__What to produce__. Word for word, restate the lines of the listing below from the line with "4月12日,绿特与北宇新能源" through the line with "ホーム上(階段正面 JR山手線外回りホーム) |", and do not include the pictures.

__Supplied entries__.
----------------------------------------
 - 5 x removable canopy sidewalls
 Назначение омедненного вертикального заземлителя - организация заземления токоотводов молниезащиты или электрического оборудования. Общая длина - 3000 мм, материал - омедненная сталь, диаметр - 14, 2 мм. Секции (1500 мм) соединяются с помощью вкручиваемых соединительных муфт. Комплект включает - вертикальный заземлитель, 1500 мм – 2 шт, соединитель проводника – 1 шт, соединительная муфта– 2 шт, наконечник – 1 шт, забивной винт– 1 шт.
----------------------------------------
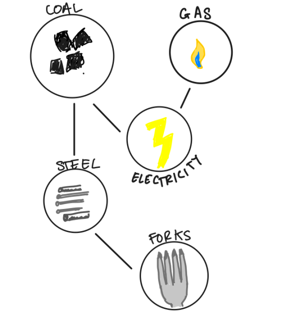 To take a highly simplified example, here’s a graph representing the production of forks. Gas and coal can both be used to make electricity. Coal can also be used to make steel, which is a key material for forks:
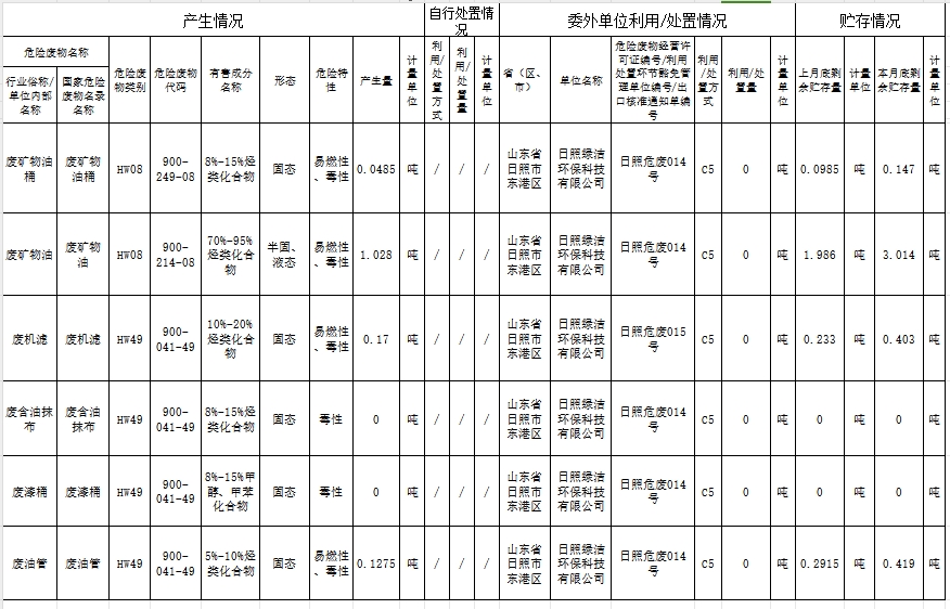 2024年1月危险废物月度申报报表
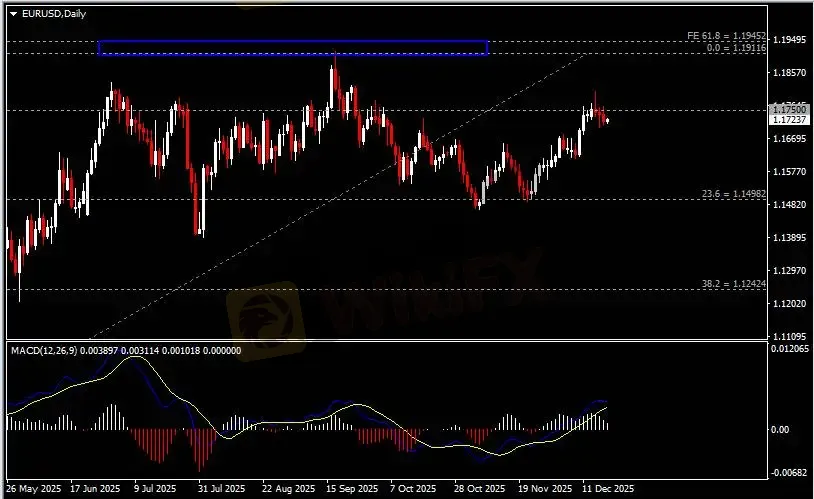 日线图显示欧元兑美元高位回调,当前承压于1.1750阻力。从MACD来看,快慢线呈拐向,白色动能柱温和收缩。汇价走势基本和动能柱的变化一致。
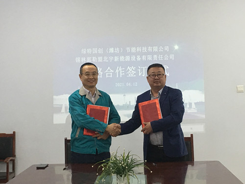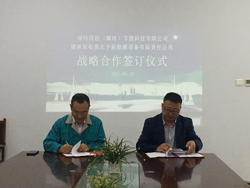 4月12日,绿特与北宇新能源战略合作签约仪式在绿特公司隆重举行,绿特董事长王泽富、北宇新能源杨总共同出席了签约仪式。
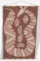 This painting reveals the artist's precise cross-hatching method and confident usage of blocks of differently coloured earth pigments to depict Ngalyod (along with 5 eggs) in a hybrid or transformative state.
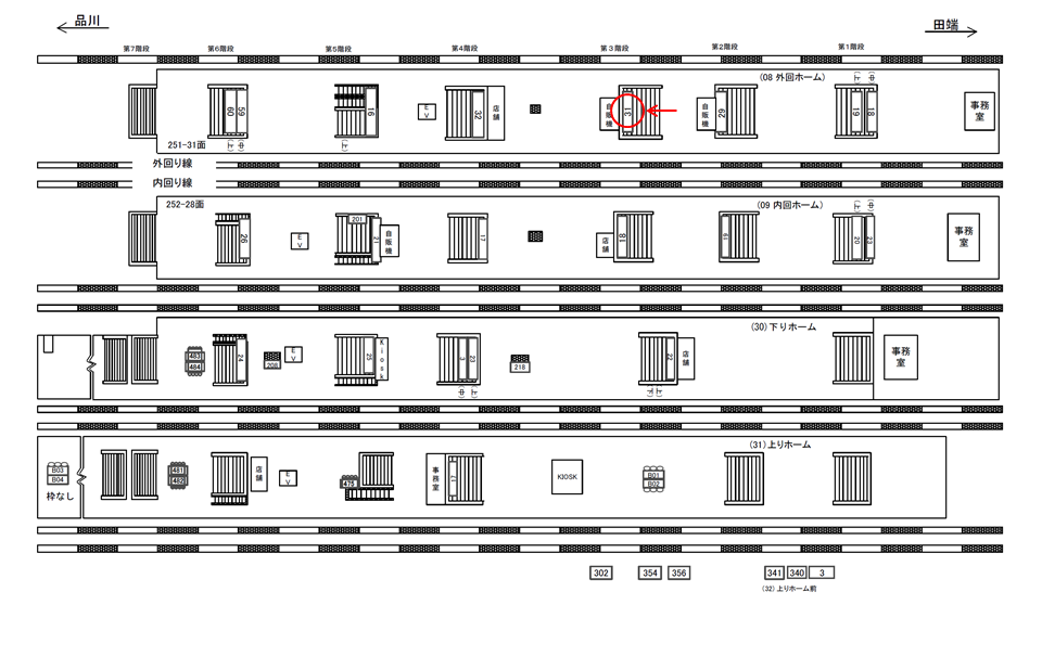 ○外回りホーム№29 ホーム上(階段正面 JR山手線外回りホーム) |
----------------------------------------
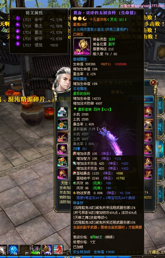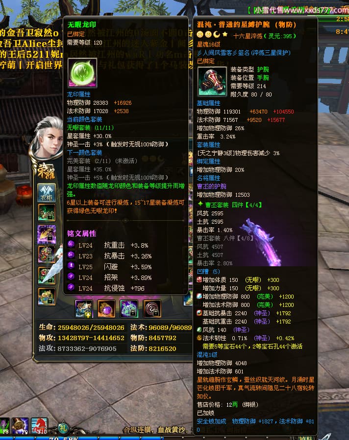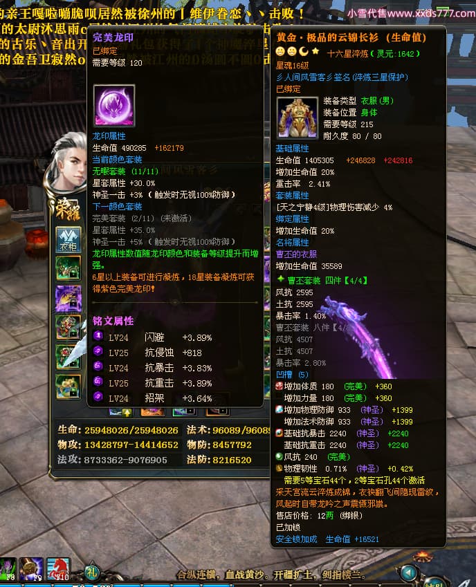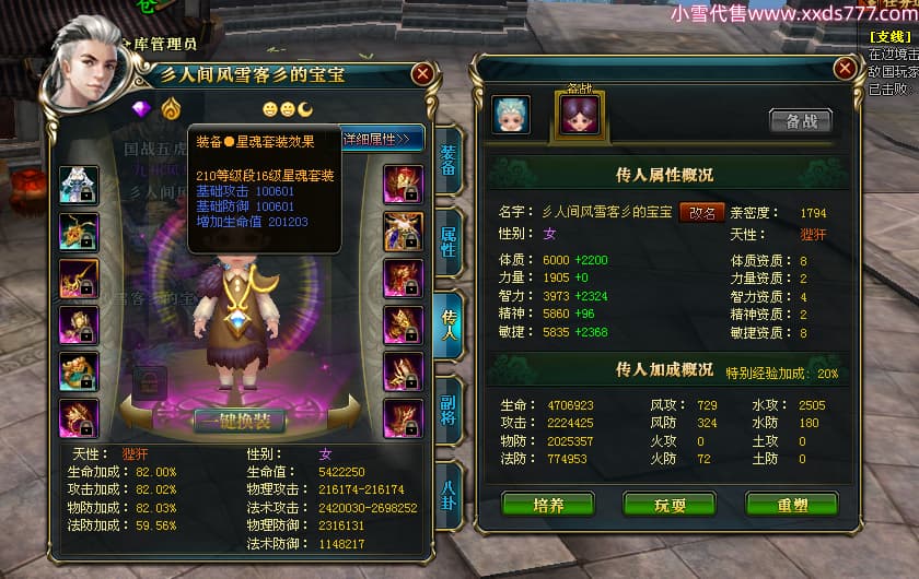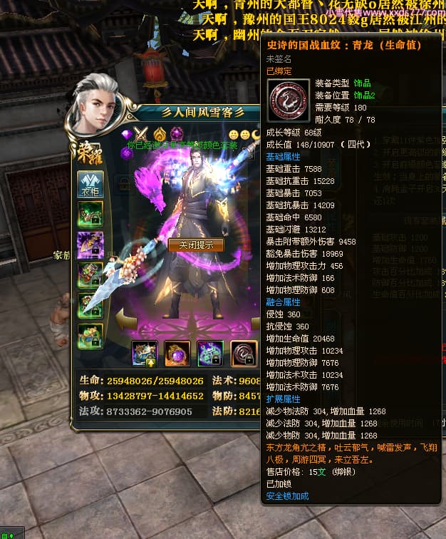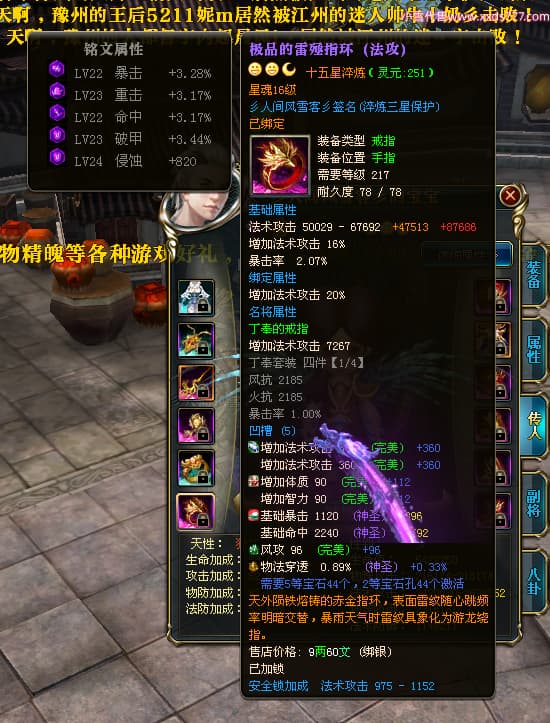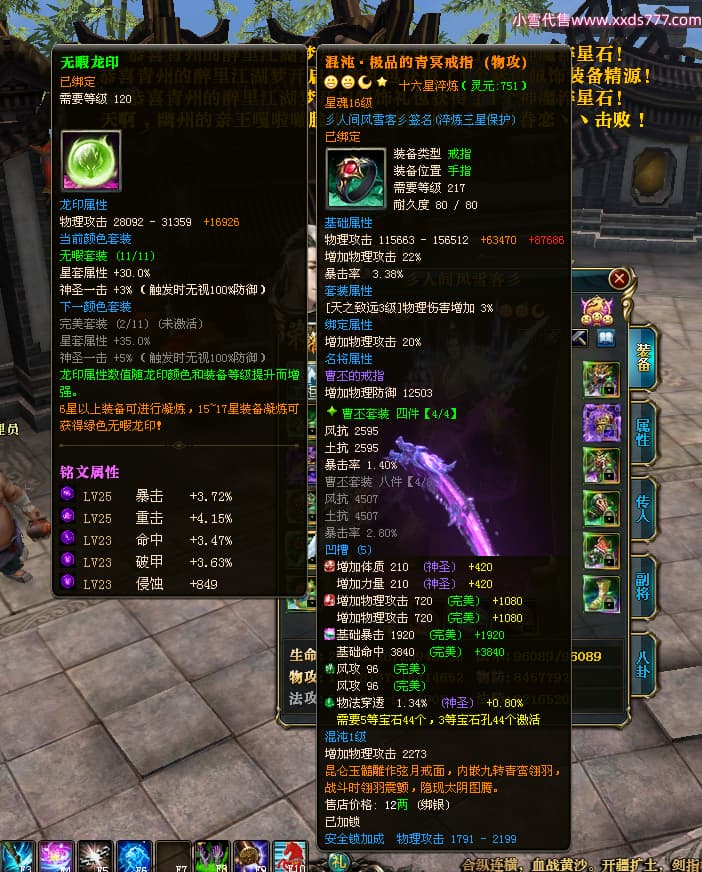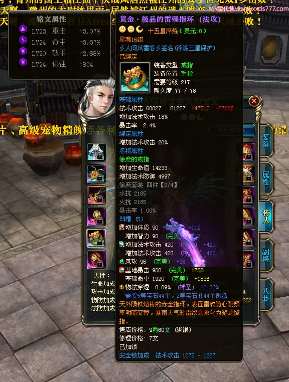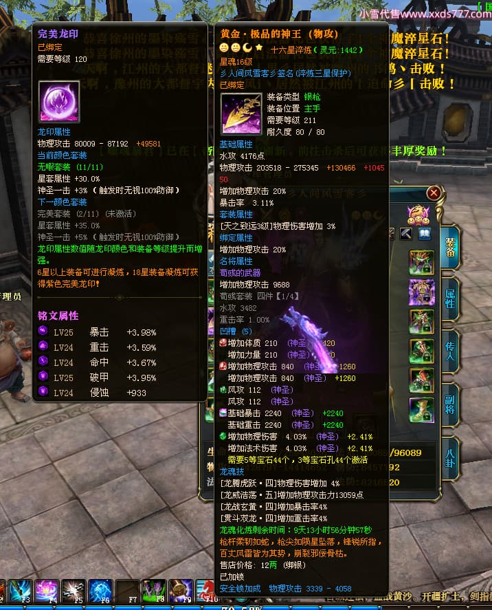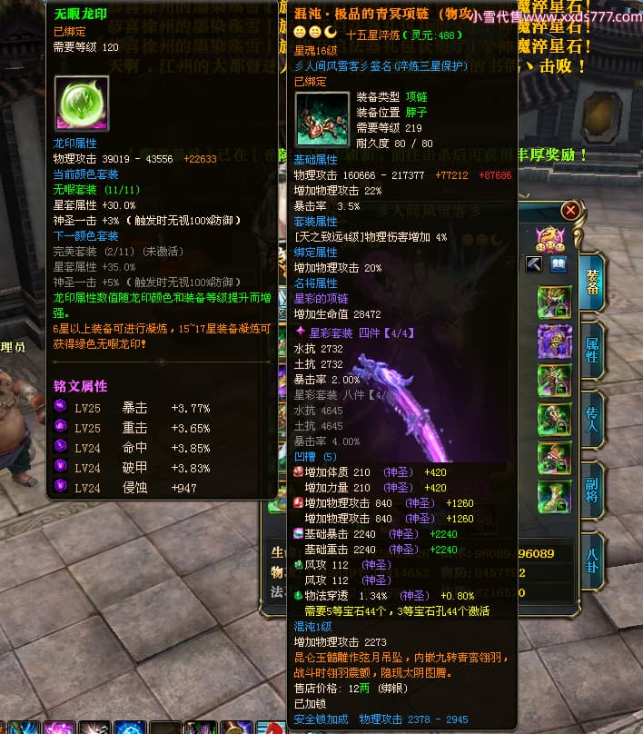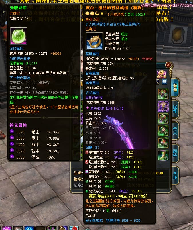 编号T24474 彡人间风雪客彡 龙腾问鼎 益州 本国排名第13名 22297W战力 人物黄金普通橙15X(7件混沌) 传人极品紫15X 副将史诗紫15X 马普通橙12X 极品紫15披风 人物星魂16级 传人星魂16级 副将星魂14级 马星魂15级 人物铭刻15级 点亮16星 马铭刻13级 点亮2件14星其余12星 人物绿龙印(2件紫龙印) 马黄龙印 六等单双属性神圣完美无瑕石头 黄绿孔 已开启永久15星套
----------------------------------------
__Solution to the problem__.
 4月12日,绿特与北宇新能源战略合作签约仪式在绿特公司隆重举行,绿特董事长王泽富、北宇新能源杨总共同出席了签约仪式。
 This painting reveals the artist's precise cross-hatching method and confident usage of blocks of differently coloured earth pigments to depict Ngalyod (along with 5 eggs) in a hybrid or transformative state.
 ○外回りホーム№29 ホーム上(階段正面 JR山手線外回りホーム) |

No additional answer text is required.